Road in north-east Tasmania

St Marys Pass is a 6 km curvey road in Tasmania. The road has a hiking track when entering the pass. Convict labour built the trail built back in the 1840s. The road carries the Esk Highway, and serves traffic from St Marys to Falmouth and to the East Coast of Tasmania.

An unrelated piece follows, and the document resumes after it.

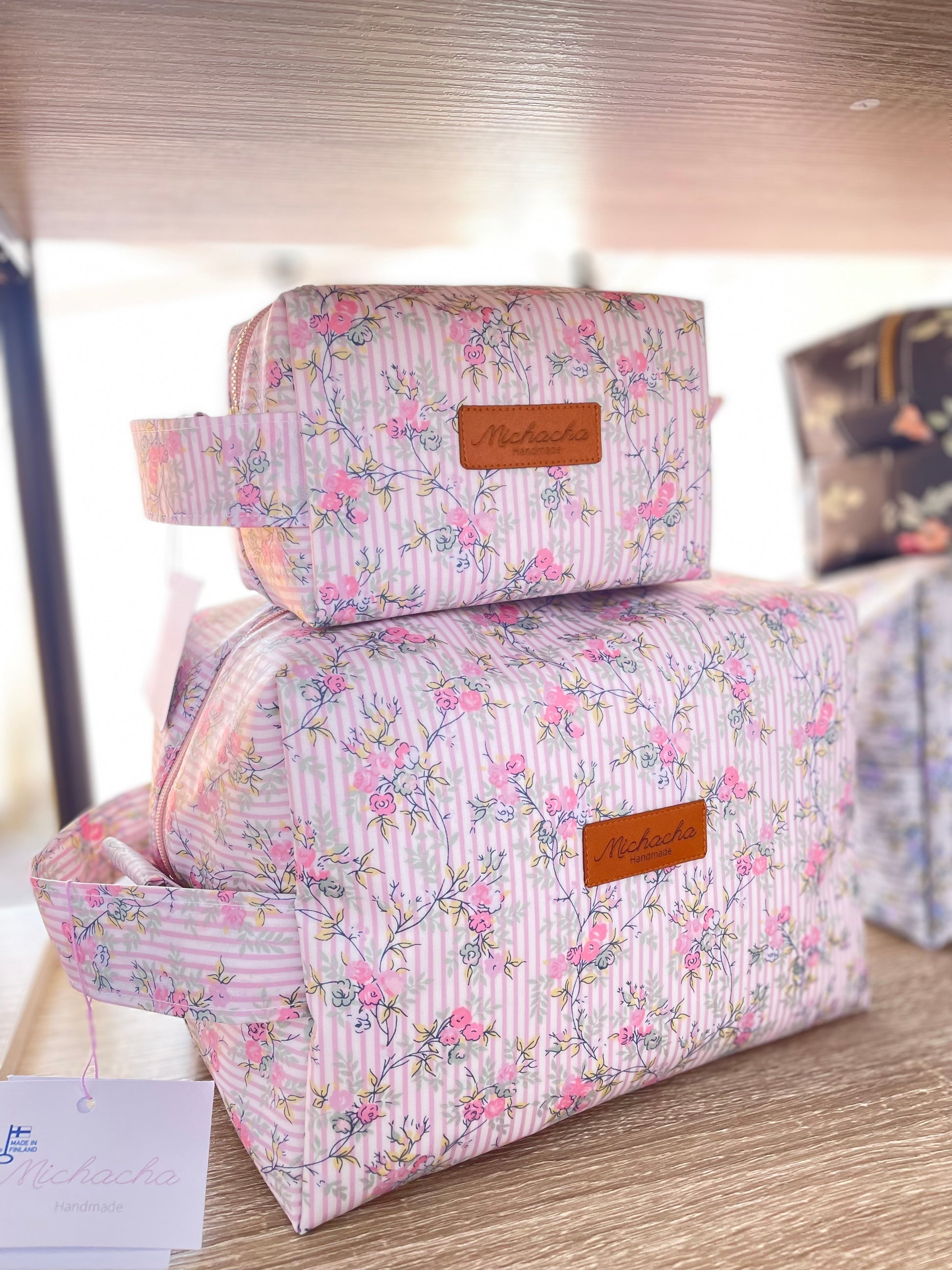 Both inside outside are used with water proof fabrics.This Big bag fits shampoo, face wash, small face towel, sun cream etc.Suitable to bring to the sauna, gym or pool/beach!Also good for baby diaper changing bag.(Since the bag has stitches, Not 100% waterproof)

Route of St Marys Pass (Red Line)

== History ==
St Marys Pass was built by convict labour between 1843 and 1846. The road was built to connect traffic from the Fingal Valley to the East Coast. Around 300 convicts were stationed near the Grassy Bottom for the project. It serves as a historic, scenic route through the mountain.

The road serves traffic from the Fingal Valley to the East Coast with gravel roads connecting to the road and gullies on the side of St Patrick's Head Mountain.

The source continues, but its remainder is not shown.